Methods: PRT2527-02 is a phase 1, multicenter, dose-escalation and dose-confirmation study evaluating safety and preliminary efficacy of PRT2527 as monotherapy and in combo with standard-dose zanu in patients (pts) with select R/R hematologic malignancies (NCT05665530). Pts must have relapsed or be refractory to or ineligible for standard-of-care therapy. PRT2527 was administered intravenously in escalating doses as a once weekly infusion, and zanu was administered orally. Treatment continued until disease progression or unacceptable toxicity. Dose escalation decisions were guided by the Bayesian optimal interval design method based on dose-limiting toxicities (DLTs) in cycle 1. Primary endpoints include safety, tolerability, DLTs, and recommended phase 2 dose of PRT2527 monotherapy and in combo with zanu.
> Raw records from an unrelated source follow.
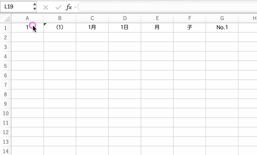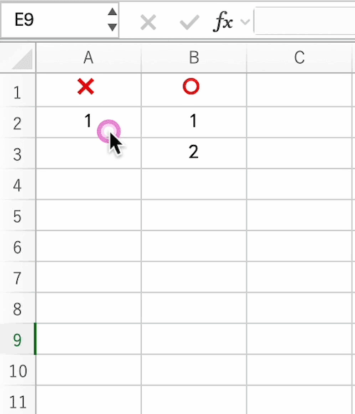 実は、セルに「1」だけを入力してドラッグしても、そのままでは「1」がコピーされるだけです。連番にしたい時は、まず「1」とその下のセルに「2」を入力します。その2つのセルをセットで選択してから、右下の■(フィルハンドル)をドラッグしましょう。これでExcelが「1ずつ増やすんだな」という法則を理解してくれます。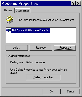 5. Depending on the modem, the Modem Properties window could have multiple tabs to click on. The Mwave Data Fax modem is shown below.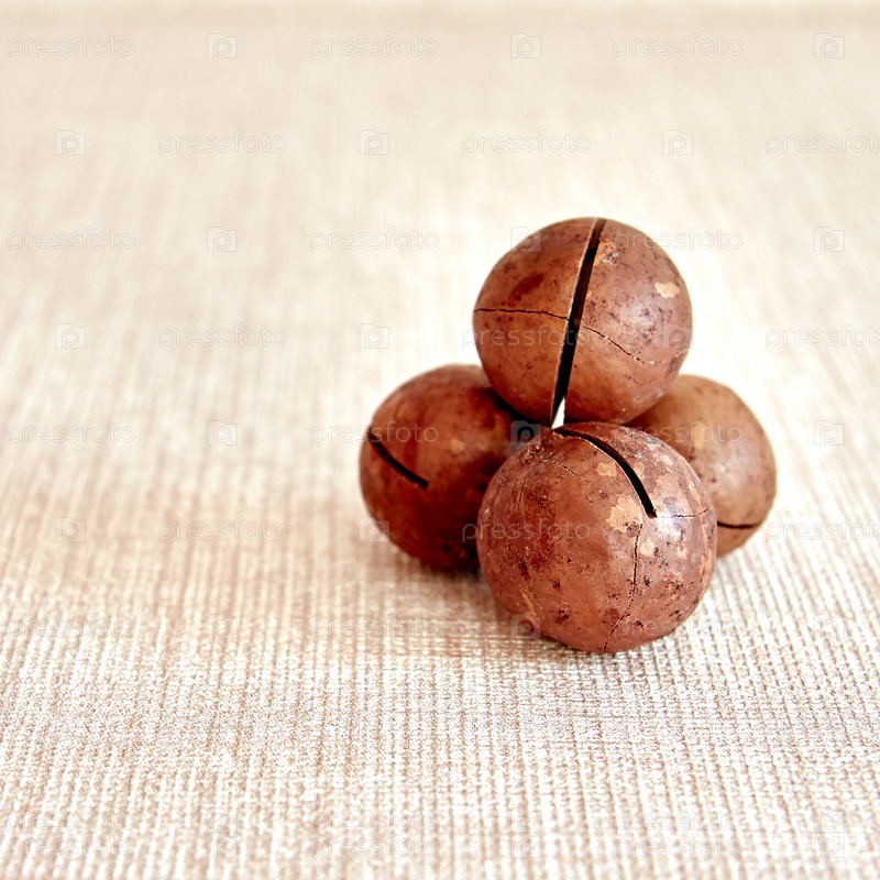 Четыре ореха макадамии сложены в форме пирамиды

Secondary and exploratory endpoints include overall response rate and pharmacokinetic/pharmacodynamic profiles of PRT2527 monotherapy and in combo with zanu.
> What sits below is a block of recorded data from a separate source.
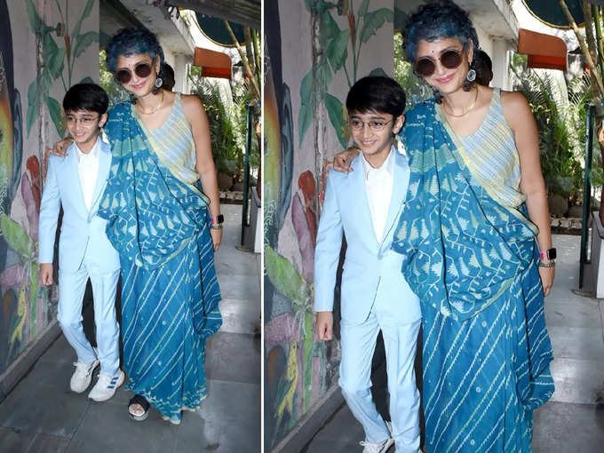 वहीं सौतेली बेटी की सगाई में अपनी स्पेशल अपीयरेंस दर्ज कराने के लिए किरण राव ने भी खुद को इंडियन आउटफिट्स में स्टाइल किया था, जिसमें ग्लैमर और ट्रेडिशनल का परफेक्ट मिक्स देखा जा सकता था। किरण राव ने इस दौरान ब्लू कलर की साड़ी पहनी थी, जिसे बनाने में जामदानी कपड़े का इस्तेमाल किया गया था।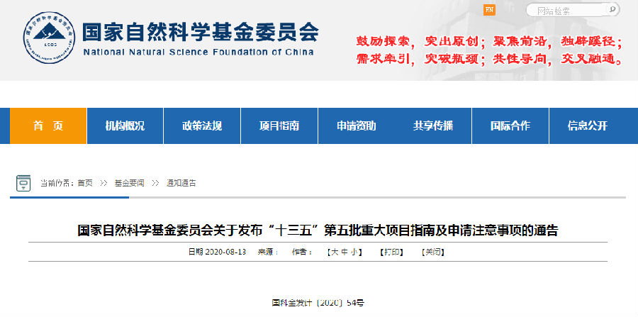 国家自然科学基金委员会关于发布“十三五”第五批重大项目指南及申请注意事项的通告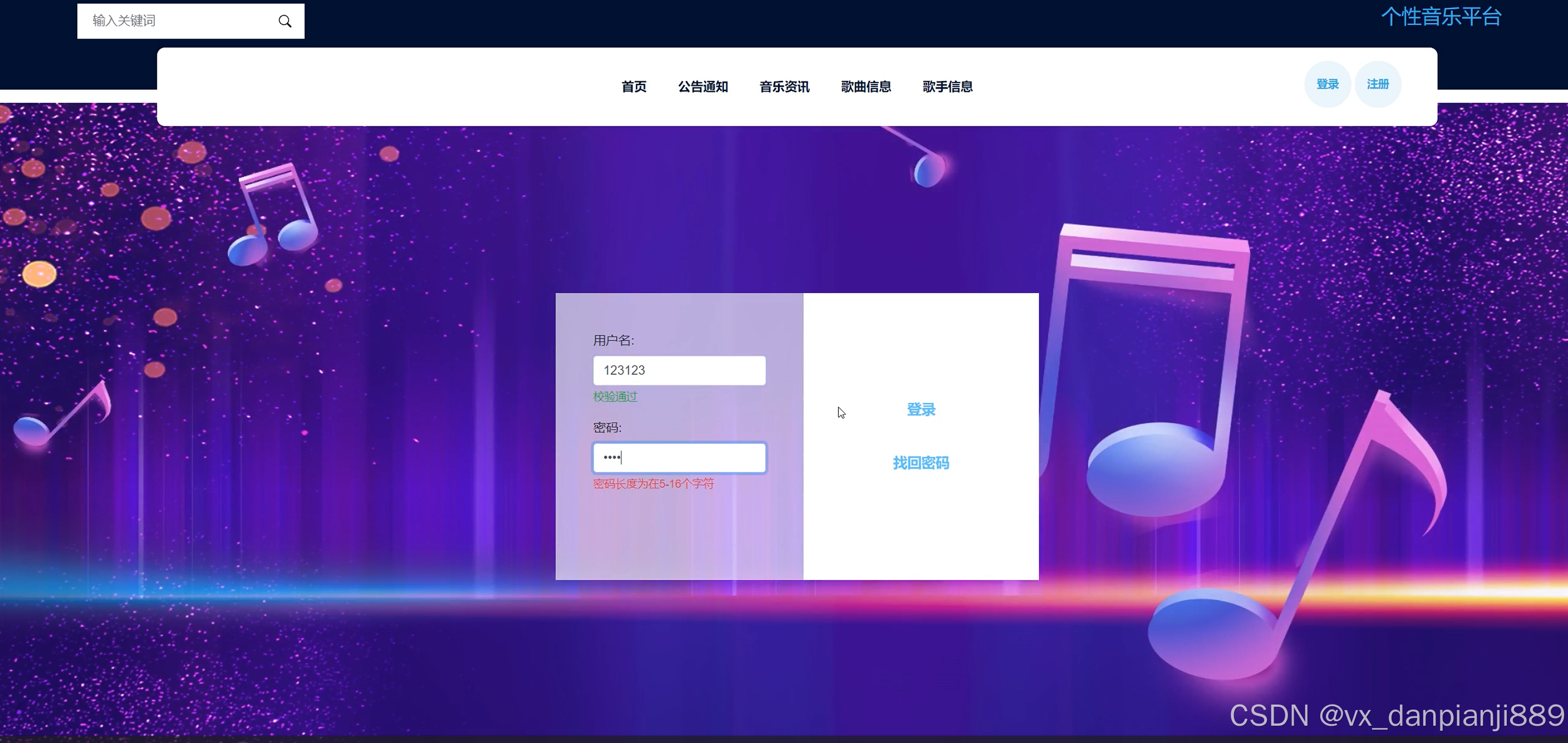在本次个性音乐平台的设计和实现过程中,我们运用了先进的技术和创新的方法,成功地实现了多项功能。通过使用HTML、CSS和JavaScript等前端技术,我们打造了一个直观友好的用户界面,并提供了登录、注册、歌曲信息管理、歌手信息管理模块等核心功能。同时,我们采用后端开发语言和数据库来支持数据存储、用户认证和系统逻辑处理等方面。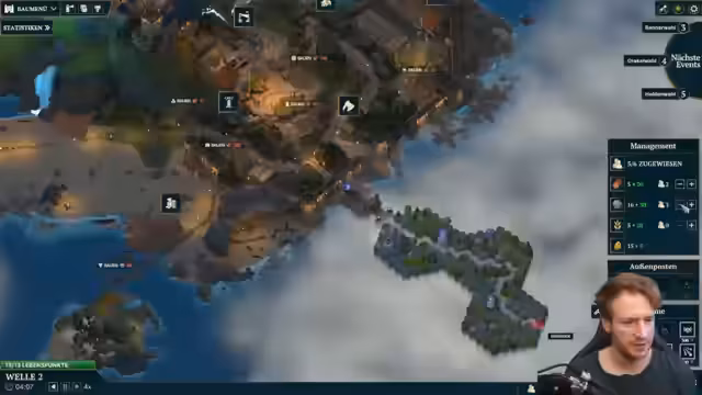 00:00:00Der Stream beginnt mit dem Soulkeeper Run, dem ein Tower-Defense-Spiel. Der Streamer startet mit einer anfänglichen Ressourcenverteilung, wobei der Fokus auf Holz- und Goldproduktion liegt. Es wird der Bau von Handelsschiffen und ersten Türmen priorisiert, um eine stabile wirtschaftliche Basis zu schaffen. Der Spieler diskutiert über die anfänglichen Gebäude-Upgrades und erkundet spielinterne Mechaniken wie Truhen und Marktangebote. Die ersten Wellen werden überwunden und das Ziel ist es, eine nachhaltige Struktur für die kommenden Wellen und späteren Bosse aufzubauen.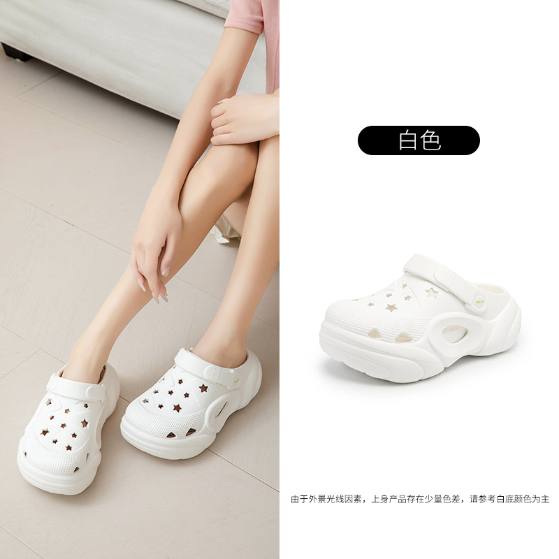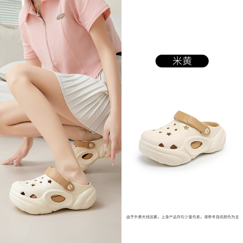 Zapatos con agujeros para mujeres, uso externo, aumento de verano, pies no apestosos, antideslizantes, arrastre de Baotou, sandalias y zapatillas huecas resistentes al desgaste de todo fósforo

Results: As of June 21, 2024, 31 pts (17 diffuse large B-cell lymphoma [DLBCL] not otherwise specified, 7 peripheral T-cell lymphoma [PTCL], 2 high-grade B-cell lymphoma, 2 mantle cell lymphoma [MCL], 2 chronic lymphocytic leukemia [CLL], and 1 Richter syndrome) were enrolled and treated with PRT2527. Median age was 64 (range, 27-94) years, 61% were male, and median prior lines of therapy was 3 (range, 1-7). Nineteen pts were treated with PRT2527 monotherapy (9 mg/m², n=6; 15 mg/m², n=5; 18 mg/m², n=8) and 12 with PRT2527 and zanu combo (9 mg/m², n=6; 15 mg/m², n=6). Median duration of study treatment was 3.6 weeks (range, 0.7-30.4) for monotherapy and 6.8 weeks (range, 1.3-20.4) for combo.
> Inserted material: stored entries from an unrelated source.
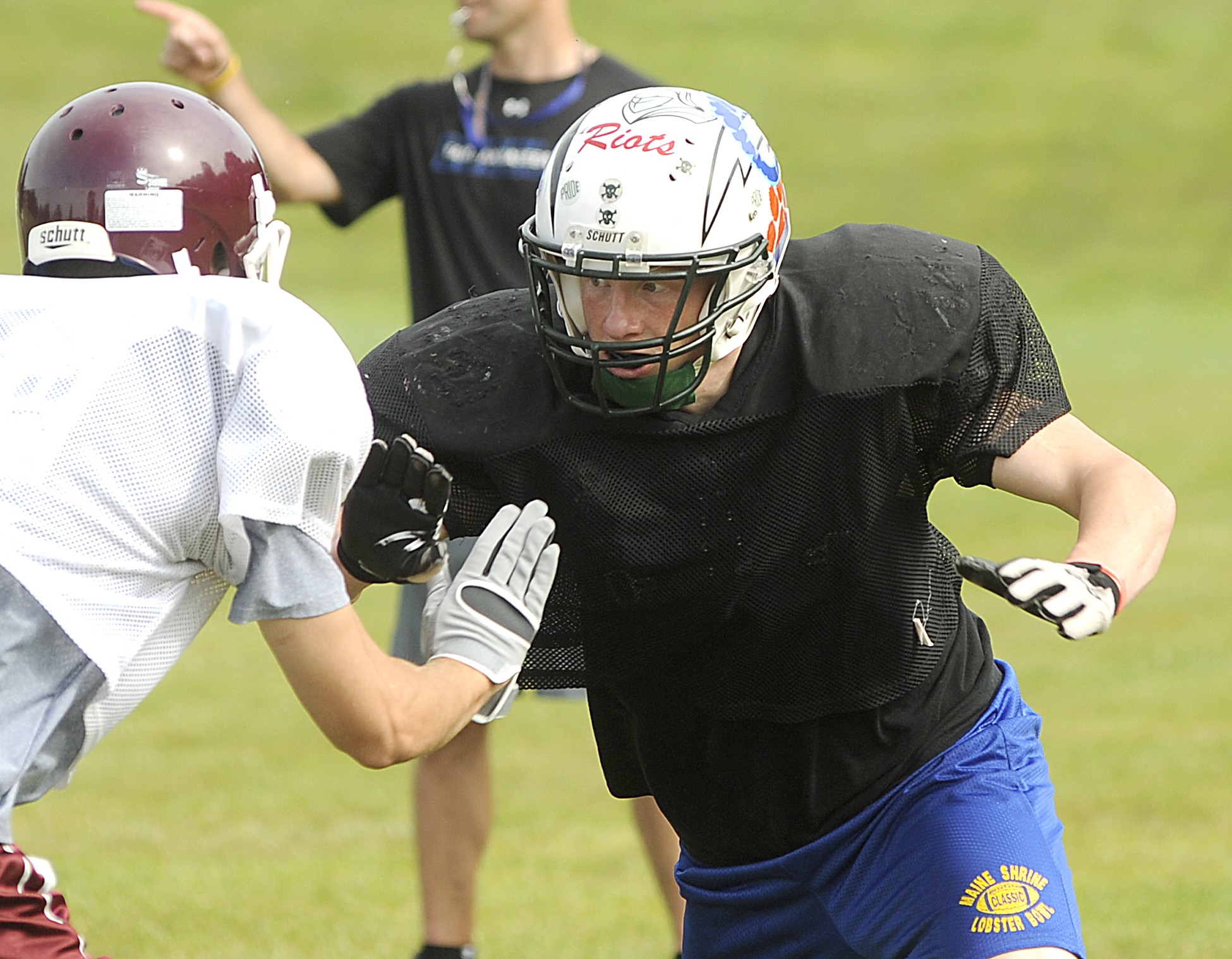 HEBRON — Even while they put the players through their paces during a week-long training camp, coaches and organizers of the Maine Shrine Lobster Bowl never let too much time pass without reminding them the real reason they are on the field.
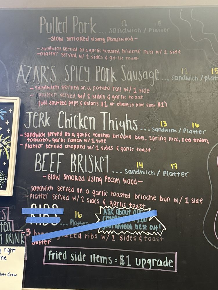 “ I was in the mood for BBQ and The Butt Hutt Smokehouse had been on my radar for a while. I decided to give them a try for a lunch date with hubby. I ordered the brisket platter with collard greens, mac & cheese and garlic toast. Hubby ordered the brisket and pulled pork platter with fries, mac & cheese and garlic toast. The brisket was flavorful and juicy with a nice smoke ring. I really enjoyed the collard greens! I wasn't a huge fan of their mac & cheese. I thought it was dry and didn't care for the chili flakes in there. The fries were crispy and seasoned well. Hubby made a little pulled pork sandwich with the garlic toast and that was very good! Service was fast and friendly. Outdoor seating was very nice. Overall, I would definitely visit again. ”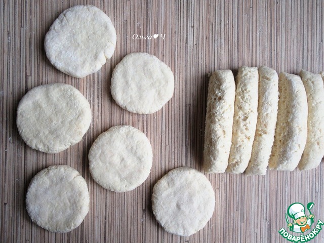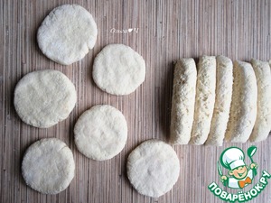 Скатайте из теста колбаску и нарежьте на 12 частей, припыляя мукой руки, из каждой части сформируйте лепешку, диаметром около 6 см.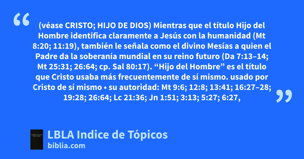 Mientras que el título Hijo del Hombre identifica claramente a Jesús con la humanidad (Mt 8:20; 11:19), también le señala como el divino Mesías a quien el Padre da la soberanía mundial en su reino futuro (Da 7:13–14; Mt 25:31; 26:64; cp. Sal 80:17). “Hijo del Hombre” es el título que Cristo usaba más frecuentemente de sí mismo.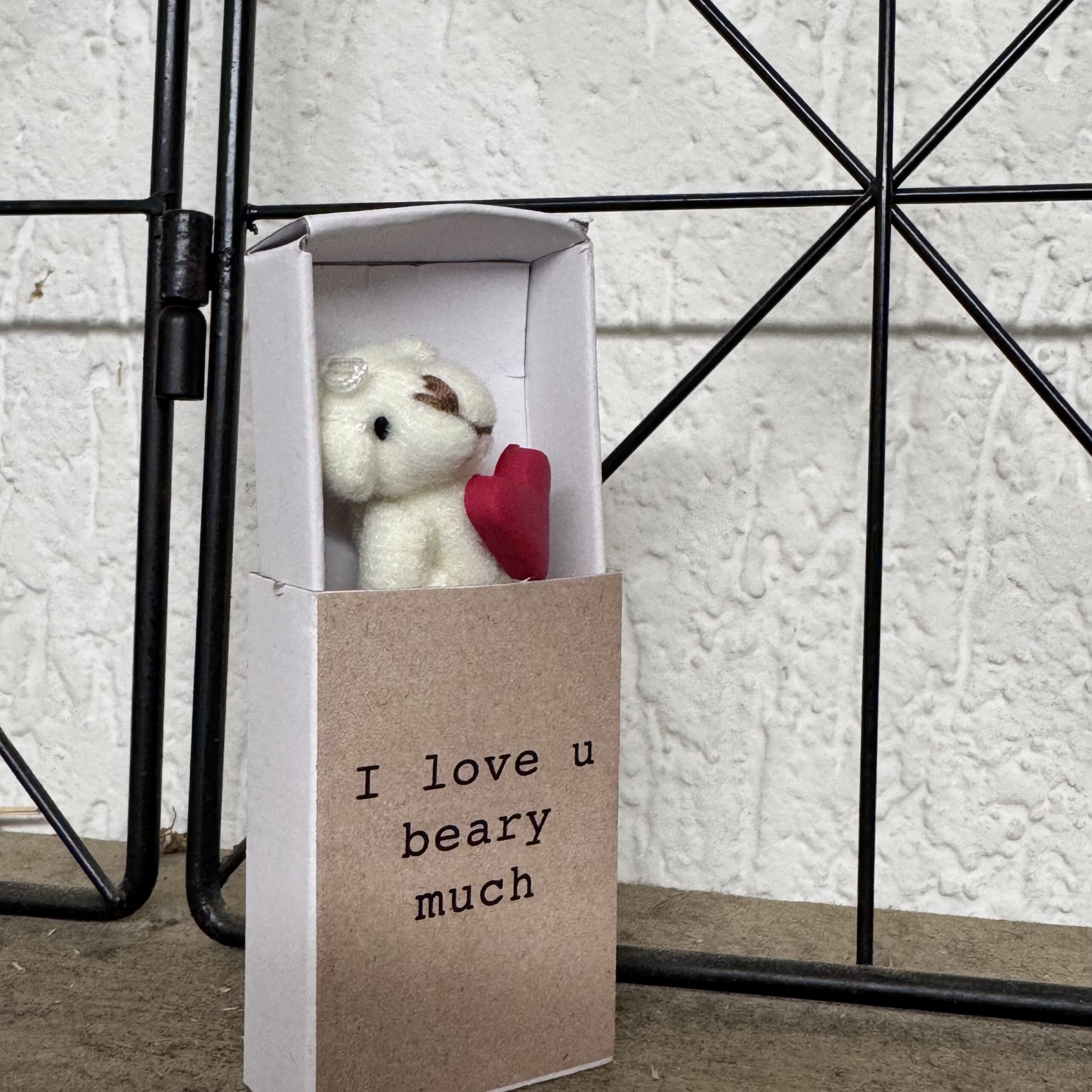 Dit lieve kleine doosje (formaat luciferdoosje) bevat een lief klein wit konijntje met de leuke tekst I love you beary much

Most frequently reported (>20%) any-grade treatment-emergent adverse events (TEAEs) were neutropenia (53%), nausea (53%), and constipation (21%) with monotherapy and neutropenia, diarrhea, asthenia, hypokalemia, and vomiting (25% each) with combo. Overall, grade 3/4 TEAEs occurred in 18 (58%) pts, most frequently neutropenia (39%). Nine (29%) pts had a TEAE leading to dose hold: 6 (19%) due to grade 3/4 neutropenia that resolved with growth factor. No clinical tumor lysis syndrome was observed, and no DLTs were reported. Three pts achieved a response: a complete response in 1 non-GCB double-expressor DLBCL pt post-CAR T-cell therapy on monotherapy (9 mg/m²) and 1 MCL pt on combo (9 mg/m²), and a partial response in 1 PTCL pt on monotherapy (9 mg/m²). Eleven pts were on study and have not reached the first response assessment. Additional responders across tumor types have been seen after the data cut-off and will be presented. Fourteen (45%) pts remain on study (monotherapy [n=7], combo [n=7]), and 17 (55%) pts discontinued treatment: 14 (45%) due to PD, 2 (6%) due to TEAEs (supraventricular tachycardia [n=1], AML [n=1]), and 1 (3%) due to death (COVID-19).

Whole blood expression of the CDK9 transcriptional targets MCL1 and MYC demonstrated target engagement at all dose levels, with a more prolonged transcriptional decrease at higher doses. At 18 mg/m² (n=7), a median decrease of 80.5% in MCL1 and 82.4% in MYC messenger RNA (mRNA) was achieved 2 hours after the start of infusion. By 6 hours, median MCL1 mRNA returned to baseline levels while MYC levels remained suppressed with a median inhibition of 32.1%.

Conclusions: PRT2527 as monotherapy and in combo with zanu had an acceptable safety profile and evidence of preliminary activity in pts with R/R lymphoid malignancies. Neutropenia was the most common TEAE, manageable with growth factor support. Dose finding with PRT2527 as monotherapy or in combo with zanu is ongoing.